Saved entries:
────────────────────
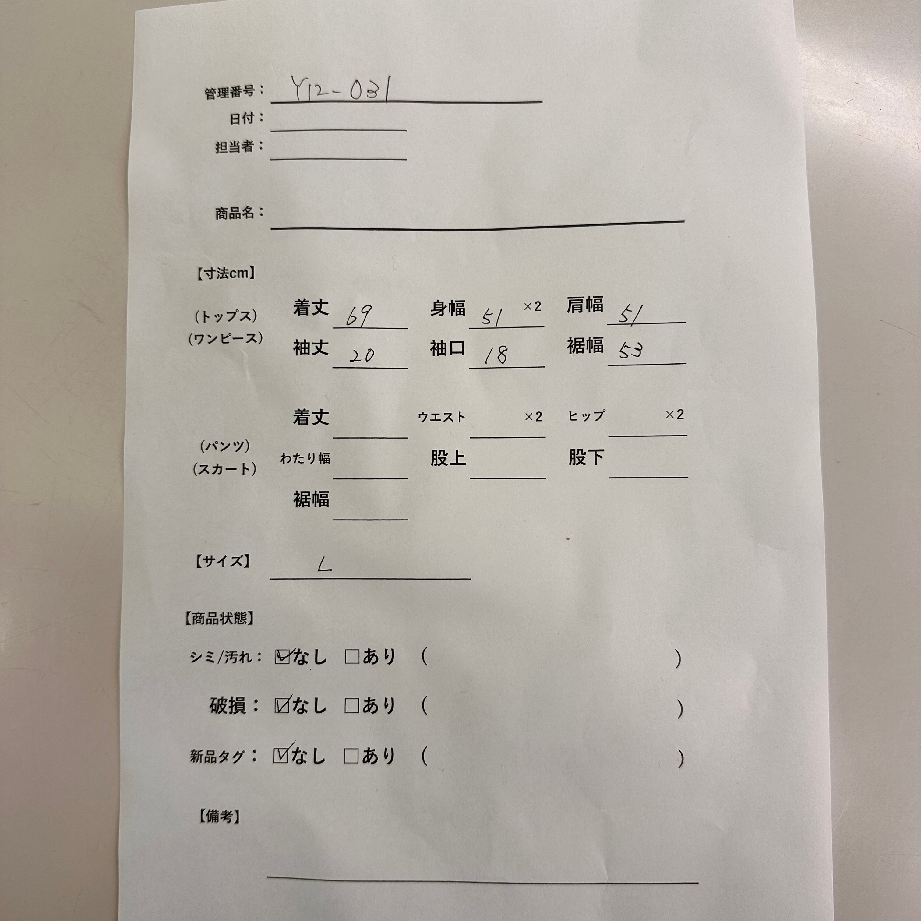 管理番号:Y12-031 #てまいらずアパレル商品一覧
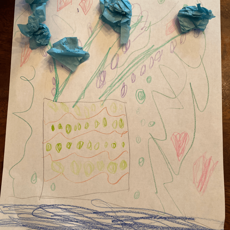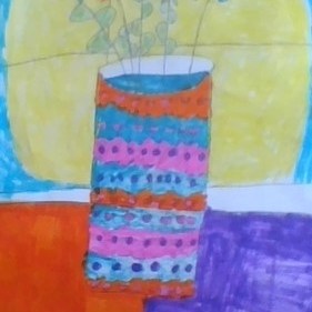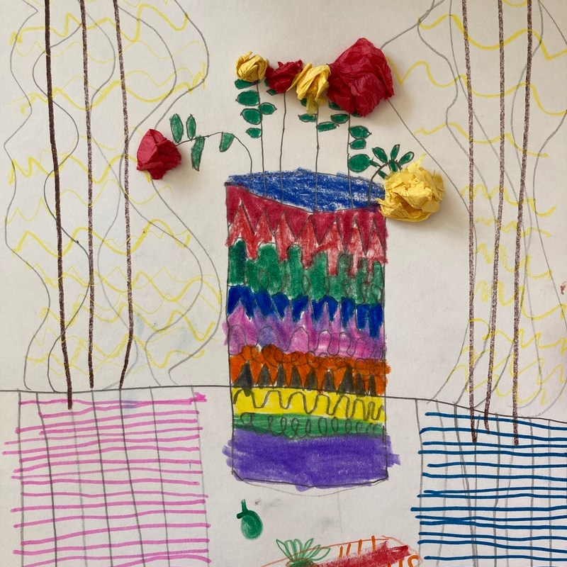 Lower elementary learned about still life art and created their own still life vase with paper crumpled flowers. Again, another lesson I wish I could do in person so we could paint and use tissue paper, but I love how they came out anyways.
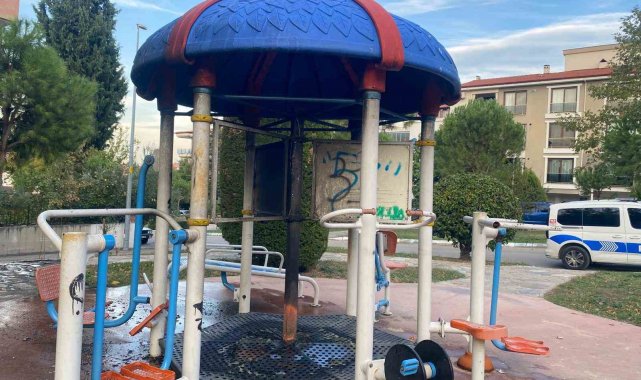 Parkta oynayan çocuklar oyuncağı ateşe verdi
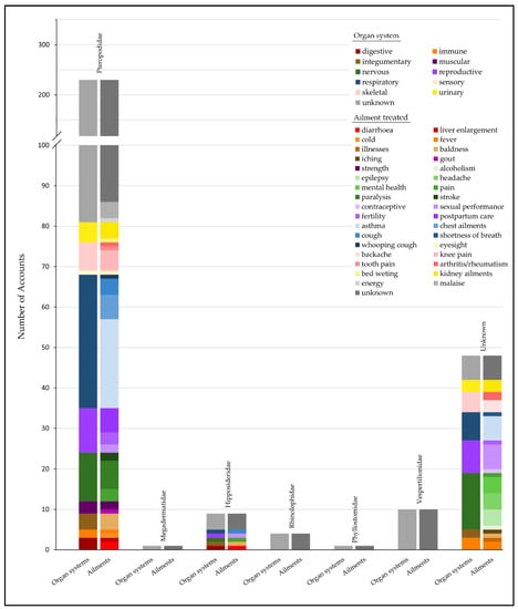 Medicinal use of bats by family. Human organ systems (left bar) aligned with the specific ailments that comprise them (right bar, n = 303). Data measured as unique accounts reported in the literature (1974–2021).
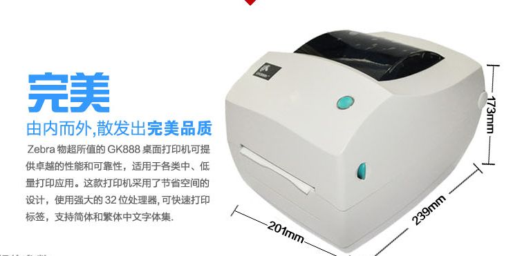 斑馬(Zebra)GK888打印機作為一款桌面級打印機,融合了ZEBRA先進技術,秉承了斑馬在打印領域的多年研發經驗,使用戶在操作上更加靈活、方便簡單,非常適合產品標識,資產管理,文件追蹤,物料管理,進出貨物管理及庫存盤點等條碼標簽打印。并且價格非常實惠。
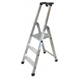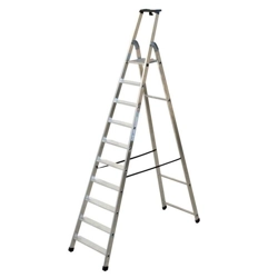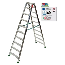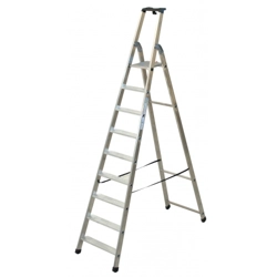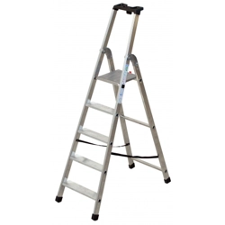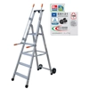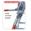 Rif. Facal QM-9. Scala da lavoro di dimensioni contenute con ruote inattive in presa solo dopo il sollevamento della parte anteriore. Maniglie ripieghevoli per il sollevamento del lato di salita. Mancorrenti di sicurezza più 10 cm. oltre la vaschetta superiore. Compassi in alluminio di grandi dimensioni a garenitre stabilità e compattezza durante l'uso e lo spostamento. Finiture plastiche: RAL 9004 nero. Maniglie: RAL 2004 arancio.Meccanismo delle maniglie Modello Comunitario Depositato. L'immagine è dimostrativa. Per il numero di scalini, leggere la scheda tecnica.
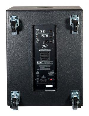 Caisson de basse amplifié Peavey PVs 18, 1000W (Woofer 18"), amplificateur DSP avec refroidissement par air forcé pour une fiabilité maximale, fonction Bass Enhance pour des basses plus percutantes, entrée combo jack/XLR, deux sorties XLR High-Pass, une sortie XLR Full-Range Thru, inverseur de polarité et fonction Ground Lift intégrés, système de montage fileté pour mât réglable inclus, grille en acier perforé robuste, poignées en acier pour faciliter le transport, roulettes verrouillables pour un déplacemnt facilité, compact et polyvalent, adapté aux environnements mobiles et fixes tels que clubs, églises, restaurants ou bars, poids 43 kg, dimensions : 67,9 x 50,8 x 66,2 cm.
────────────────────
● **WORK TO BE COMPLETED**: Every record above should be set down exactly, with the pictures left out.

● **OUTPUT FOR THIS EXERCISE**:
 管理番号:Y12-031 #てまいらずアパレル商品一覧
 Lower elementary learned about still life art and created their own still life vase with paper crumpled flowers. Again, another lesson I wish I could do in person so we could paint and use tissue paper, but I love how they came out anyways.
 Parkta oynayan çocuklar oyuncağı ateşe verdi
 Medicinal use of bats by family. Human organ systems (left bar) aligned with the specific ailments that comprise them (right bar, n = 303). Data measured as unique accounts reported in the literature (1974–2021).
 斑馬(Zebra)GK888打印機作為一款桌面級打印機,融合了ZEBRA先進技術,秉承了斑馬在打印領域的多年研發經驗,使用戶在操作上更加靈活、方便簡單,非常適合產品標識,資產管理,文件追蹤,物料管理,進出貨物管理及庫存盤點等條碼標簽打印。并且價格非常實惠。
 Rif. Facal QM-9. Scala da lavoro di dimensioni contenute con ruote inattive in presa solo dopo il sollevamento della parte anteriore. Maniglie ripieghevoli per il sollevamento del lato di salita. Mancorrenti di sicurezza più 10 cm. oltre la vaschetta superiore. Compassi in alluminio di grandi dimensioni a garenitre stabilità e compattezza durante l'uso e lo spostamento. Finiture plastiche: RAL 9004 nero. Maniglie: RAL 2004 arancio.Meccanismo delle maniglie Modello Comunitario Depositato. L'immagine è dimostrativa. Per il numero di scalini, leggere la scheda tecnica.
 Caisson de basse amplifié Peavey PVs 18, 1000W (Woofer 18"), amplificateur DSP avec refroidissement par air forcé pour une fiabilité maximale, fonction Bass Enhance pour des basses plus percutantes, entrée combo jack/XLR, deux sorties XLR High-Pass, une sortie XLR Full-Range Thru, inverseur de polarité et fonction Ground Lift intégrés, système de montage fileté pour mât réglable inclus, grille en acier perforé robuste, poignées en acier pour faciliter le transport, roulettes verrouillables pour un déplacemnt facilité, compact et polyvalent, adapté aux environnements mobiles et fixes tels que clubs, églises, restaurants ou bars, poids 43 kg, dimensions : 67,9 x 50,8 x 66,2 cm.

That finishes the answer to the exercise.